The Forks Patrol Trail (Glacier View District Trail 452) is a vigorous climb offering great views away from the crowds of Glacier National Park.  Located about 8 miles west of the Camas Entrance to Glacier National Park take North Fork Road to the Big Creek Road # 316.  Drive about 7.6 miles west on 316 and watch for the Forks Patrol Trailhead sign on the right (north) side.  If you get to the Moose Lake turnoff, you went about 1/4 mile too far.  Park at one of the wide spots in the road nearby and get ready to climb.

The first 4 miles of trail is all uphill on a south facing hillside, meaning it will be hot in midsummer, but free of snow early and late in the season.  Owing to the 2001 Moose Fire, the forest is young, allowing nice views of the surrounding mountains most of the way up.  After ascending several broad, well constructed switchbacks, the trail meets up with an old logging road, then turns steep for a short section before meeting up with another old logging road on the southwest side of the ridge.  From here, the final ascent begins through some wildflower meadows and old burn.  Snow lingers into early summer around the top. Bring plenty of water as the trail crosses no streams on the way up.

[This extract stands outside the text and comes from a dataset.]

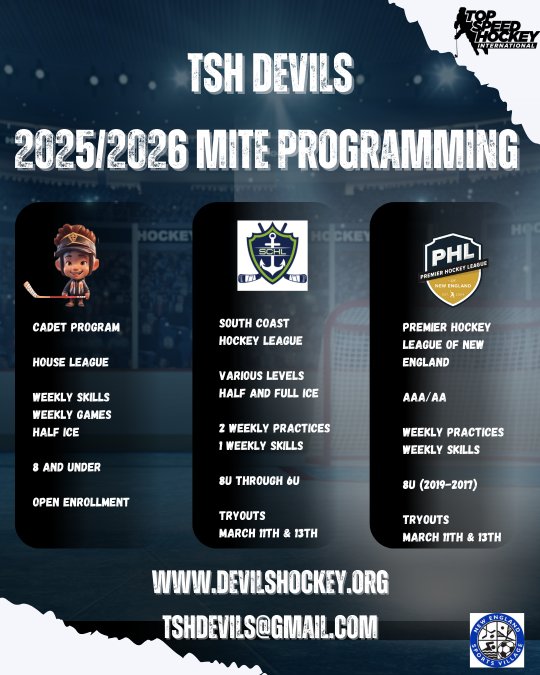Cadet Program - Ages 8 and under, learn to play with structure skills and player development as well as small games/half ice competition at New England Sports Village.

Since Dead Horse Ridge tops out at 6497 ft, you'll be looking down at Glacier View Mountain, which is 300 ft shorter.  Most of the peaks of the Livingston Range can be viewed due to the relatively high elevation and lack of trees at the top.

You can either turn around at this point or continue north along Dead Horse Ridge, where there won't be any more elevation gain.  The trail gradually descends to Forest Service Road 1693 (open September 1 - Nov 30).

We hiked this trail in late May and from the looks of the snow, we were the first ones up for the season, beating even a grizzly bear.  On the way up, there were no grizzly tracks in the snow, but on the way back down, we saw that a subadult grizzly had followed us 1/4 mile or so through the snow.